If you use this, you will need to change dbfilename. You will also need to configure procmail or some similar system to call the program appropriately. When training using winnow 0 or winnow 1, be sure to include all headers as received by procmail; otherwise you may get odd results since the training set won't match the message stream. I generally call the program from pine by using the pipe command with the ^W (raw message text) option. For bulk training you can use pine's apply-pipe command with ^W (raw message text), ^T (new pipe for each message), and ^Y (don't capture output) options. Note that unlike Bayesian filters, this learning algorithm is not affected by how many times it sees the same message, and ignores any message that it correctly classifies (so you can run it on your entire inbox twice a day, but it probably won't improve its classifications unless it has been making mistakes).
Download the source: winnow.py. Or see below.
1 #!/usr/bin/python
2 """Unwanted mail detector based on Littlestone's Winnow algorithm as adapted
3 by Blum in
4
5 A. Blum. Empirical support for winnow and weighted-majority based algorithms:
6 results on a calendar scheduling domain. In Proceedings of the Twelfth
7 International Conference on Machine Learning, pages 64--72, July 1995.
8 (http://citeseer.ist.psu.edu/blum97empirical.html)
9
10 Feature vector for a text is just a list of all words (loosely defined)
11 including those found after decoding anything that looks like a line of base64
12 encoding. Each word found corresponds to two specialists, one that votes
13 spam if it sees the word and one that votes not spam. To simplify the data
14 kept around, weights are always adjusted by 1/2 or 2 and Blum's enhancement
15 of Winnow that reduces the weight of a specialist whenever it votes wrong
16 (even if the majority votes right) is not used.
17
18 Usage:
19
20 winnow < text
21 winnow c [dbfile] < text
22
23 Exits with exit code 0 if text matches filter (i.e., is unwanted)
24 and with exit code 1 if it doesn't (i.e., is good).

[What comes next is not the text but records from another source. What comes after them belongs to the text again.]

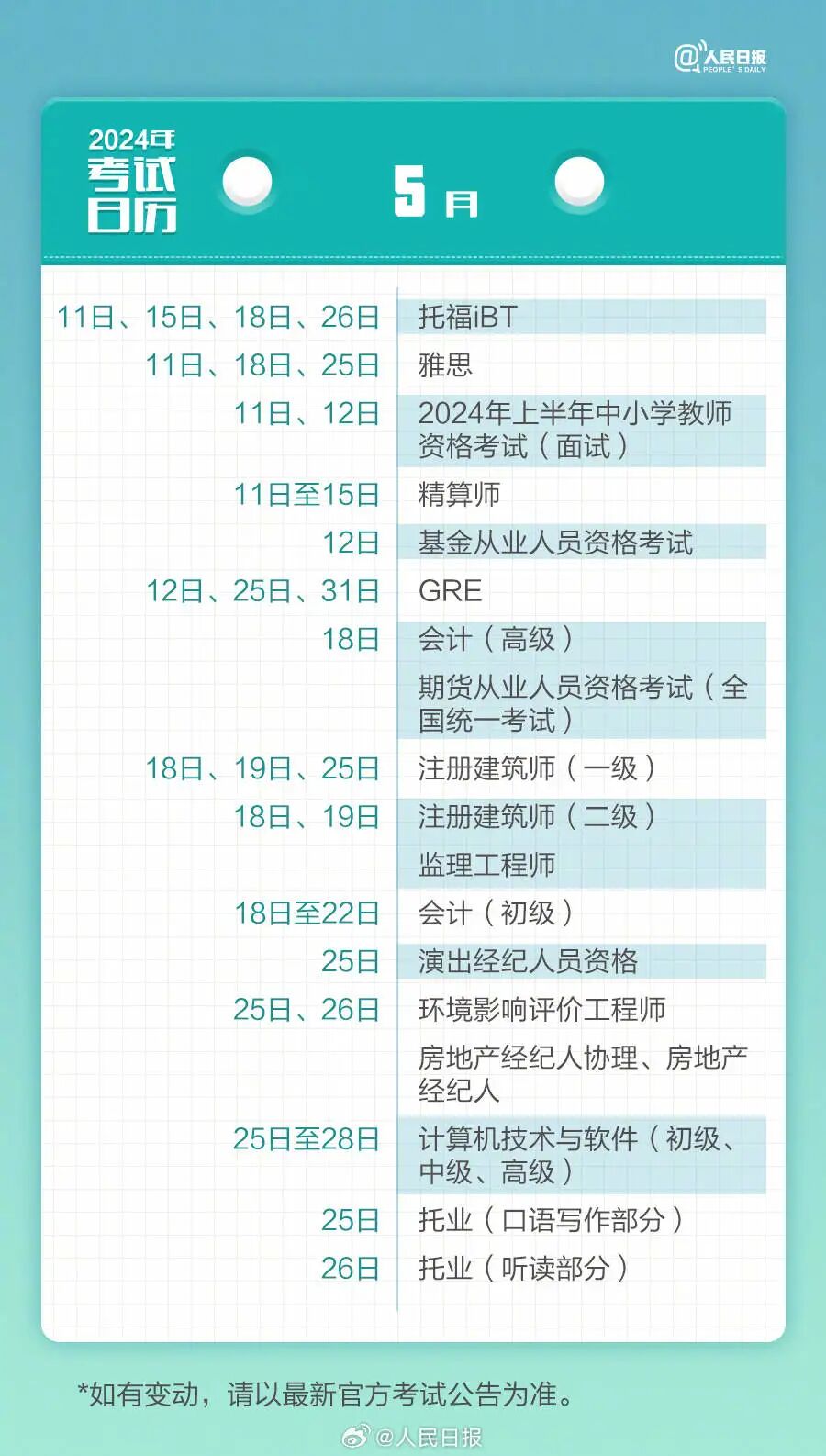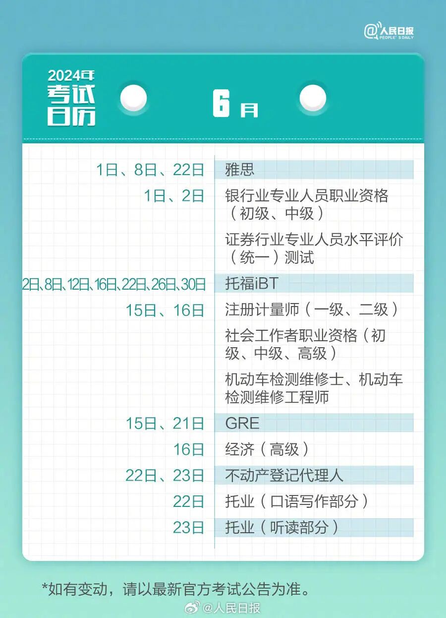 这份2024考试日历请收好
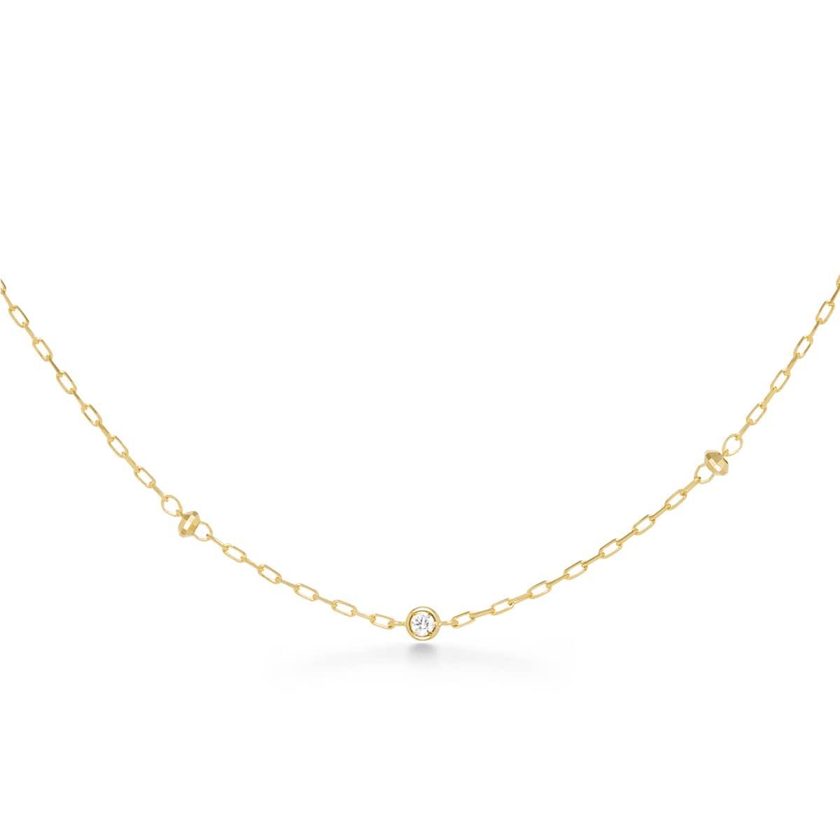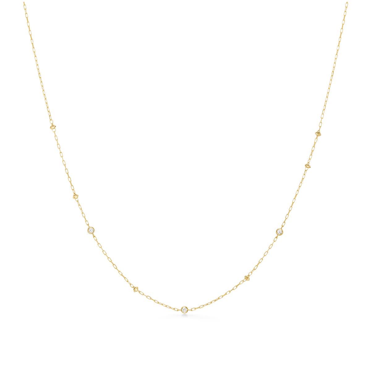 ランダムに配置された、ダイヤモンドとゴールドのカットボールがピュアで軽やかな印象のネックレス
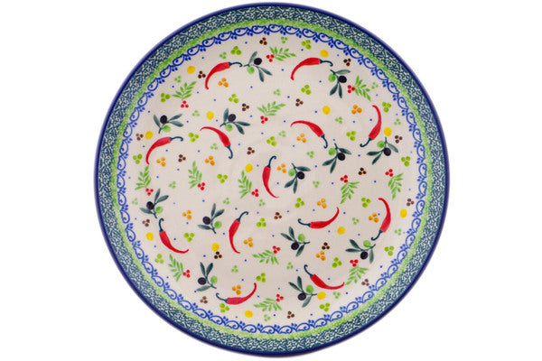 This Pepper Perfection 10" Plate was handmade and hand decorated in Boleslawiec, Poland by skilled artisans according to old traditional methods. This is a Polish pottery Signature Unikat, which means that it has been hand painted with both sponges and brushes and it is signed by the artist who painted it. Unikat pieces are the most intricate works of art. Larger Unikat items take hours of very careful work to finish. This Polish stoneware is microwave, dishwasher, freezer, and oven safe up to 480°F. It does not contain lead or cadmium. It is part of the Pepper Perfection Collection.
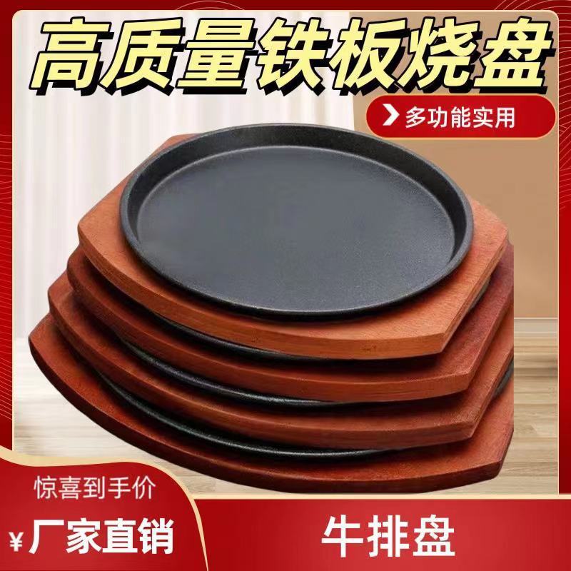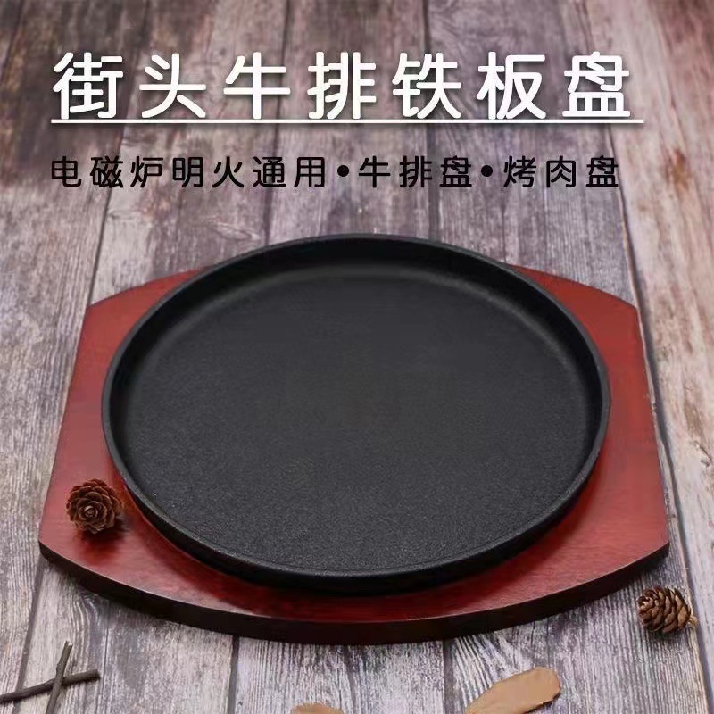 商用鋳鉄ステーキ皿鉄板焼き皿家庭用韓国式焼肉皿円形ステーキ皿焼き鋳鉄皿共通
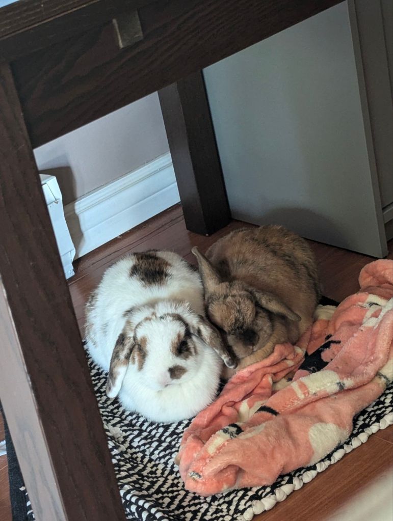 Sammi and Dany are 2-1/2 year old Holland lops, and are sisters from the same litter. We got them as a Christmas gift to ourselves when they were seven weeks old, and we love them so very much. Their personalities are spectacular, and have so much life to them. You’ll see them a fair bit in these newsletters.
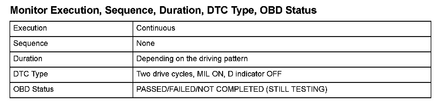 Monitor Execution, Sequence, Duration, DTC Type, OBD Status

This allows
25 failsafe operation---mail is presumed good if winnow doesn't work.
26
27 winnow 0 [dbfile] < text
28
29 As above, but update weights assuming text is a negative example
30 of unwanted mail (i.e., assume text is good).
31
32 winnow 1 [dbfile] < text
33
34 As above, but assume text is unwanted.
35
36 winnow e [dbfile] < text
37
38 As above, but only prints out explanation of classification and doesn't update
39 database.
40
41 If not given on the command line, the database is assumed to be in the first of these locations that is defined:
42
43 1. $WINNOWDB
44 2. $HOME/.winnow.db
45 3. /homes/theory/aspnes/.winnow.db
46
47 Some notes on the voting:
48
49 We'd like to use the version of Winnow described in Avrim Blum's
50 paper, where we have classifiers that either vote or abstain
51 and we update by factors of 2 on errors. But we don't really want to
52 keep around separate +foo and -foo values.
53
54 So what weights do we get on +foo and -foo?
55
56 If +foo is correct, its weight is doubled and -foo is halved; the
57 reverse occurs if +foo is incorrects. So we always have
58
59 wt(+foo) = 1/wt(-foo) = 2^(+foo correct - +foo incorrect)
60
61 And the net vote when we see foo is
62
63 2^x - 2^-x
64
65 where x is the net number of times foo has classified
66 correctly/incorrectly on error.
67
68 Since we'd like to use (long) integer arithmetic to avoid round-off errors,
69 we'll approximate
70
71 2^x - 2^-x ~= 2^x for x > 0, 0 for x = 0, -2^-x for x < 0.
72 """
73
74 import string, re, binascii
75
76 class Vector:
77 """Class of vectors with default values for unspecified coordinates."""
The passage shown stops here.